◆ TO DO:
Make an exact copy, without pictures, of the lines below from the one containing "CHROMOVANÉ TRUBIČKOVÉ SVĚTLOMETY" to the last line, both ends included.

◆ DATASET EXCERPT:
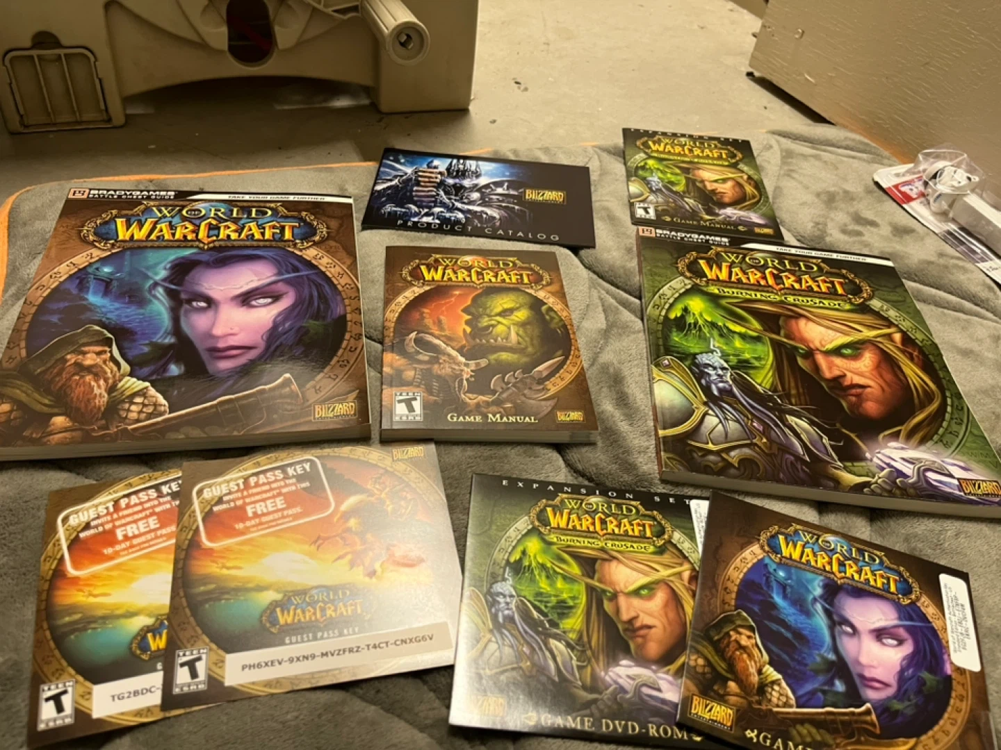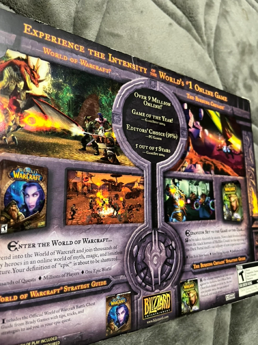 This is the World of Warcraft Battle Chest for PC. It includes the original game, Burning Crusade expansion, and strategy guides. It also comes with guest pass keys.
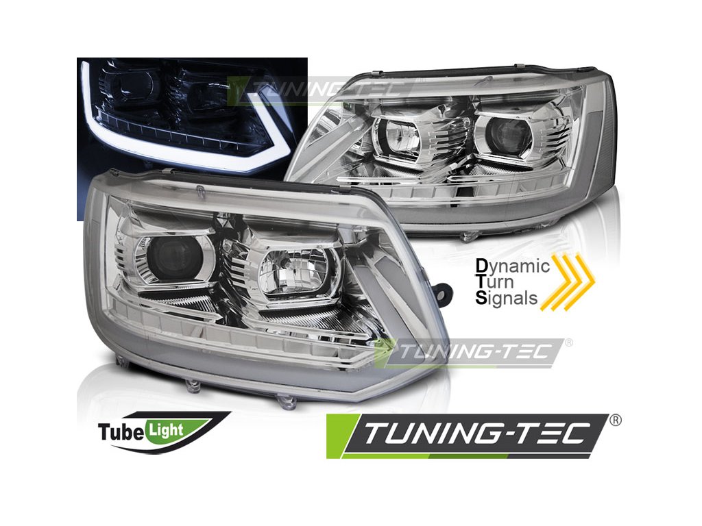 CHROMOVANÉ TRUBIČKOVÉ SVĚTLOMETY SEQ pro VW T5 2010-2015
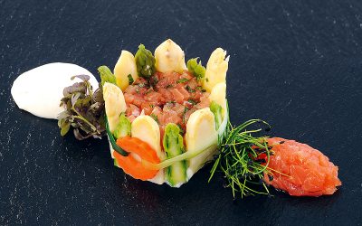 vom Gewürzlachs an kleinem Kräutersalat Die Spargelreste fein würfeln und mit Salz, Pfeffer und Olivenöl marinieren. Die Spargelspitzen kurz blanchieren und längst halbieren. Den Gewürzlachs fein würfeln und mit Olivenöl marinieren. Bisquitboden Rund ausstechen. Die… weiterlesen…

◆ OUTPUT FOR THIS EXERCISE:
 CHROMOVANÉ TRUBIČKOVÉ SVĚTLOMETY SEQ pro VW T5 2010-2015
 vom Gewürzlachs an kleinem Kräutersalat Die Spargelreste fein würfeln und mit Salz, Pfeffer und Olivenöl marinieren. Die Spargelspitzen kurz blanchieren und längst halbieren. Den Gewürzlachs fein würfeln und mit Olivenöl marinieren. Bisquitboden Rund ausstechen. Die… weiterlesen…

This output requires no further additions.